J’ai déjà expliqué pourquoi je ne bois pas. Je pourrais ajouter tout un argument politique. De mon point de vue (sobre), il apparaît clairement que l’alcool et la drogue jouent un rôle clé de pacification dans notre société. Tant les communistes toléraient l’Église comme opium du peuple, tant notre société encourage une inhibition de plus en plus élevée dans le but non seulement de faire du profit, mais de nous rendre impuissants. Peu à peu, alors qu’on nivelle par le bas dans l’éducation et les médias et qu’on nous sert « un drink de plus », on assiste à une débilisation généralisée de notre société. Rien de moins. Le processus est indubitablement très lent, n’en reste pas moins que cette régression sociétale a tout pour inquiéter. Je crois fermement que la lucidité n’est pas un « cadeau ». Non seulement est-ce que ça fait perdre foi en l’espèce humaine, mais cela entraîne aussi un devoir moral.

À mon avis, une des conséquences de ce devoir moral (ou éthique) est de ne pas prendre part à cette débilisation et de refuser activement d’adhérer à cette société de consommation (de drogue et d’alcool). Ce refus actif signifie plus que l’adhésion à une philosophie comme être straight edge et va définitivement au delà de ce qu’on appelle à tort un « choix personnel ». Ce n’est pas non plus un appel à un jugement moral prétentieux ni à un recours à la force pour y mettre fin. Il s’agit plutôt, à mon avis, d’exprimer clairement les raisons du refus de consommer et de ne pas occulter les raisons politiques de ce choix par crainte d’une mauvaise réaction de notre interlocuteur.

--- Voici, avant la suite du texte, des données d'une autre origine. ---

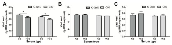 To test whether FCS has an effect on extracellular virus yields, we detected viral loads in supernatants of infected DEF cells maintained in maintenance medium at 1 and 2 hpi, respectively. In this analysis, viral loads were detected at 24 hpi for C80 and 36 hpi for C-QYD, which were determined on the basis of replication kinetics (Figure 1B). Compared with CS, addition of FCS in maintenance medium at both one and two hours after inoculation resulted in significant decreases in viral loads in supernatants (Figure 7A,B) (p < 0.05). These data indicate that FCS has significant inhibitory effect on extracellular virus yields.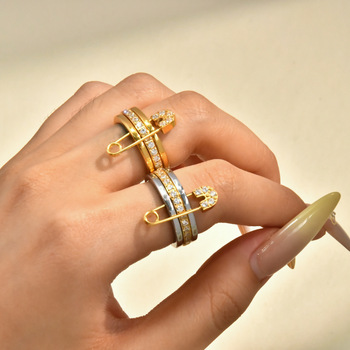 Giấy Clip Zircon vòng thép không gỉ xỉn miễn phí đồ trang sức chống thấm nước 18K vàng mạ đồ trang sức thời trang cho phụ nữ anillos mujer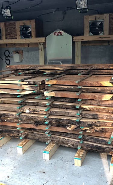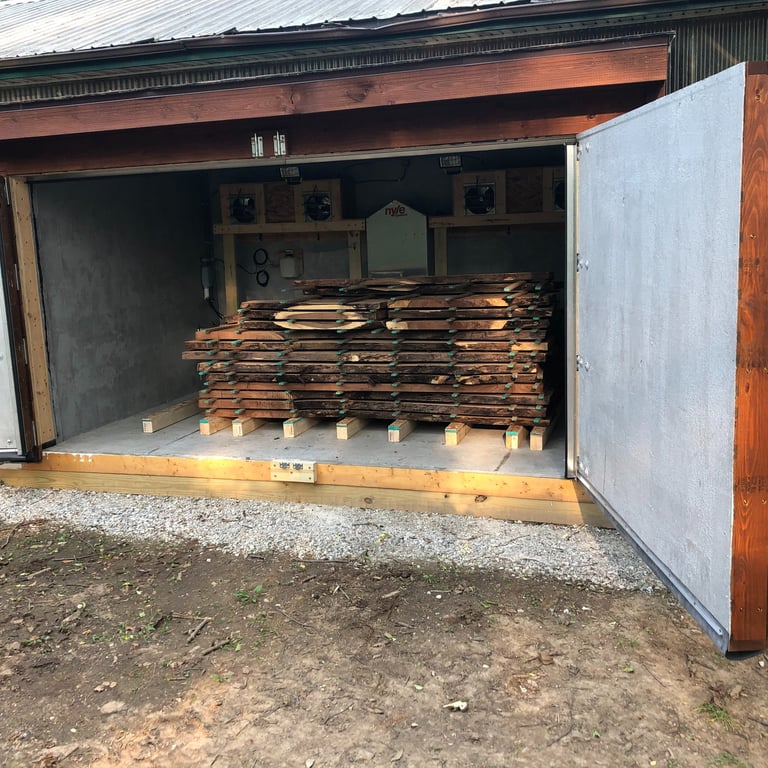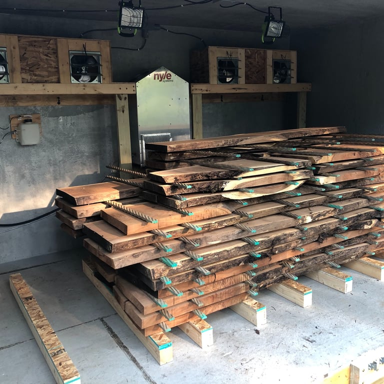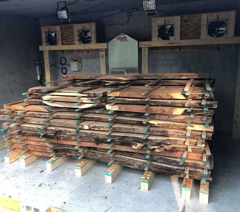 Utilize our kiln to dry your cut lumber to produce furniture grade lumber. We use a Nyle dehumidifier kiln to dry and sterilize your lumber so you can use it in weeks rather than waiting for months/years for it to air dry. Air drying alone is not sufficient for furniture grade lumber and can host bugs/eggs.

Cette mise de côté de certaines valeurs jugées « extrêmes » (on ne parle jamais du côté extrême d’un black out lié à l’alcool par contre) causée par une peur d’une réaction défensive ou même offensive nuit au débat. En travestissant nos idéaux pour cadrer dans un système d’exploitation, on finit par se mettre à son service.

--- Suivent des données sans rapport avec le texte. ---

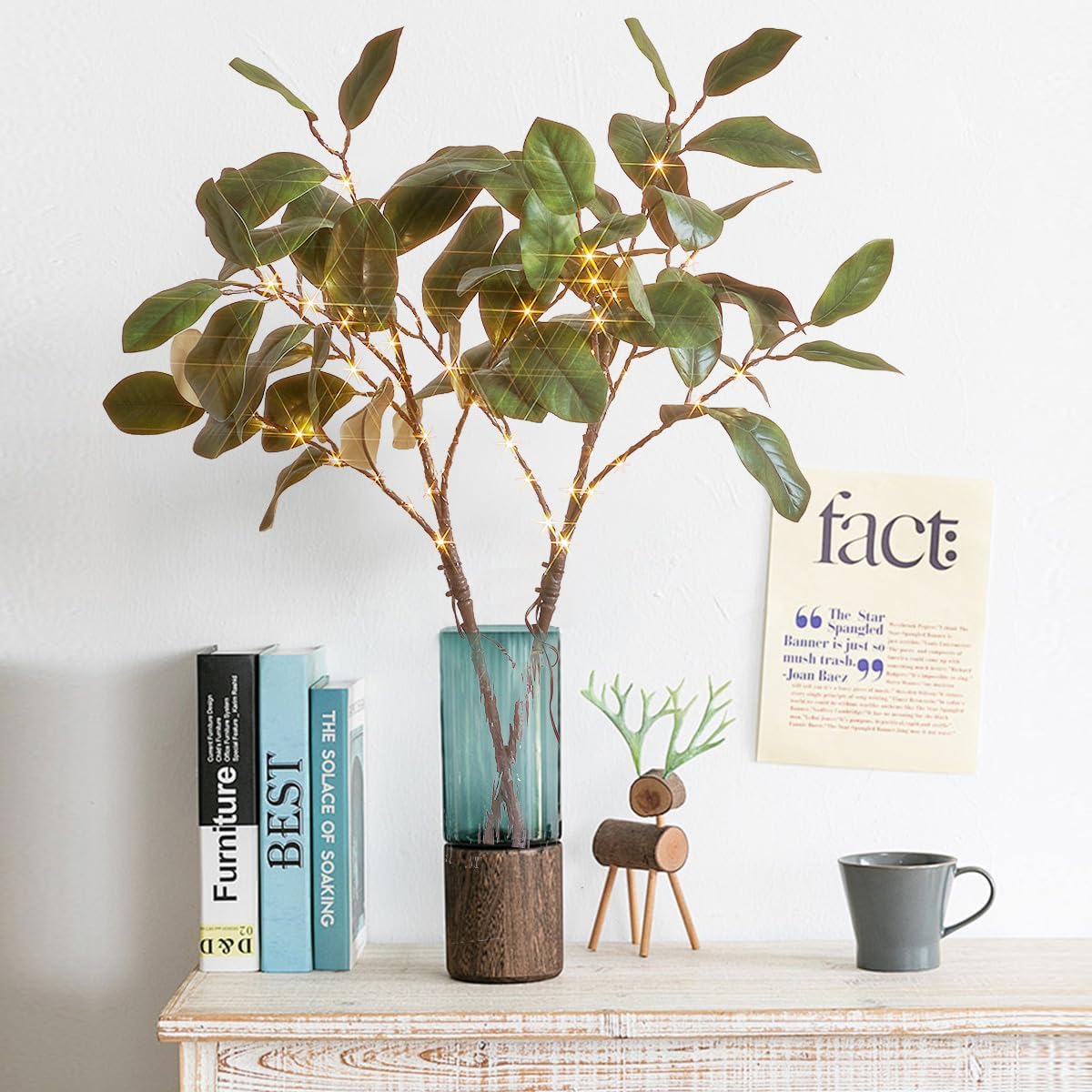 - ๐ฟ Spring Decor: 2024 NEW designed Magnolia branch lights,32in tall with 60 LED fairy lights,greenery leaves have realistic veining and detail, bringing the look of nature to your home,Great gift for valentines

Ce texte en provoquera possiblement certain. Ce que je veux lancer, c’est une invitation à réfléchir sur les conséquences de la consommation d’alcool et de drogue, particulièrement dans un contexte de critique et de remise en question du modèle sociétal actuel. Si l’on veut être en mesure de s’organiser efficacement pour proposer un exemple alternatif de société, il est vital que l’on renonce à s’auto-pacifier en utilisant l’alcool et la drogue comme moyen de « divertissement » ou de création.

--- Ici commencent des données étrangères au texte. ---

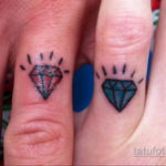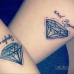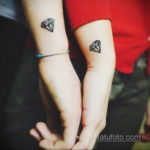 Диамантът може да се припише и на символа на вечната любов, поради което влюбените двойки използват диамант за сдвоени татуировки. Как ще изглежда скицата, всичко зависи от въображението на майстора и вашето. С помощта на диамант мъж и жена се стремят да предадат вечния съюз на любовта си.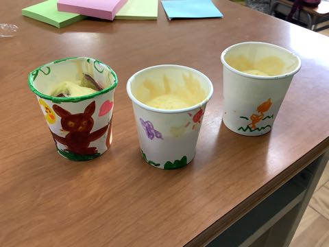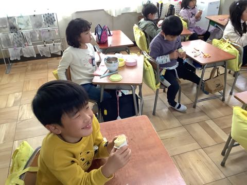 校外学習の予備日だったので、お弁当でした。そして、生活科で栽培したさつまいもを使ったカップケーキを作って食べました。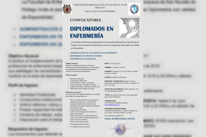 NOTICIAS 31/07/2017Últimos espacios para Diplomados en la Facultad de OdontologíaLa Facultad de Odontología de la Universidad Michoacana de San Nicolás de Hidalgo informa a la comunidad interesada que continúa abierto el periodo de registro para sus próximos diplomados a iniciar durante el mes de septiembre y que tienen como propósito mantener actualizados a sus egresados, además de ofrecer otra alternativa para obtener el título de licenciatura.

p.s. Le titre de l’article est volé du livre Sober Living For The Revolution : Hardcore Punk, Straight Edge and Radical Politics de Gabiel Kuhn. Le livre contient plein d’interviews avec des personnages intéressants qui se penchent sur les limites de la scène musicale punk et de sa tendance nihiliste auto-destructrice. Définitivement à lire.